Autor: Naed Sanabria del 1er año A de secundaria
Entre los muchos problemas que pueden surgir a raíz de experiencias traumáticas o de un escaso desarrollo emocional debido a la falta de cuidado parental, uno de los más relevantes es la desconexión emocional.
Esta desconexión puede ser tanto una consecuencia como una respuesta a situaciones de alto estrés, la ausencia de apoyo por parte de los cuidadores, la falta de contención psicológica o la vivencia de traumas profundos. Estas experiencias dejan huellas emocionales significativas, afectando la forma en que la persona se relaciona consigo misma y con los demás.

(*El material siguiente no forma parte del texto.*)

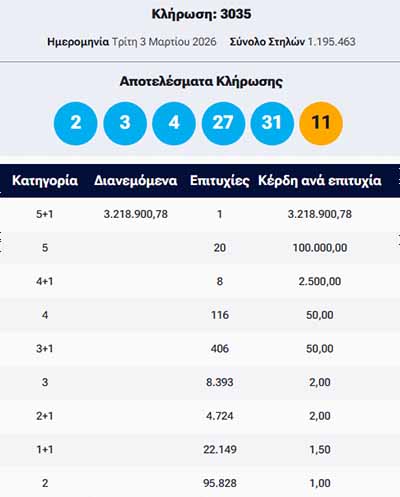 Στην πρώτη κατηγορία (5+1) βρέθηκε 1 στήλη που κερδίζει 3.218.900,78 ευρώ στην κλήρωση του Τζόκερ της Τρίτης 3 Μαρτίου 2025
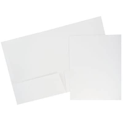 JAM Paper® Laminated Two-Pocket Glossy Presentation Folders, White, 25/Pack (385GWHD)

En muchos casos, esta desconexión se convierte en una especie de escudo protector frente al dolor emocional. Sin embargo, también puede llevar a reprimir lo que se siente, mostrar apatía, desarrollar insensibilidad hacia los demás, experimentar una notable falta de energía o motivación, evitar tanto dar como recibir afecto, y mantenerse al margen de las relaciones sociales o de situaciones que impliquen conexión emocional.
Aunque la desconexión emocional puede parecer una solución favorable a corto plazo —ya que evita comportamientos autodestructivos y ayuda a mantener cierta estabilidad— también puede traer consecuencias negativas si se prolonga en el tiempo. Reprimir los sentimientos, no expresar lo que nos afecta por miedo al "qué dirán", o negar nuestras emociones puede generar aislamiento, pérdida de identidad, baja autoestima y una dependencia excesiva de las opiniones ajenas.
Por ello, es fundamental buscar ayuda. Acudir a un psicólogo, hablar con personas de confianza o, si ninguna de estas opciones está disponible, escribir lo que sientes y piensas puede ser una forma valiosa de desahogarte y comenzar a sanar. Expresar lo que llevas dentro —aunque sea en papel— puede ayudarte a liberarte emocionalmente y a entenderte mejor.
Recuerda: siempre hay una salida. No estás solo. Nuestra institución cuenta con apoyo emocional, y esta nota no sería posible sin el acompañamiento de Luis Norberto Mascaro Palma, quien está dispuesto a brindarte un espacio de comprensión y un hombro donde apoyarte cuando más lo necesites.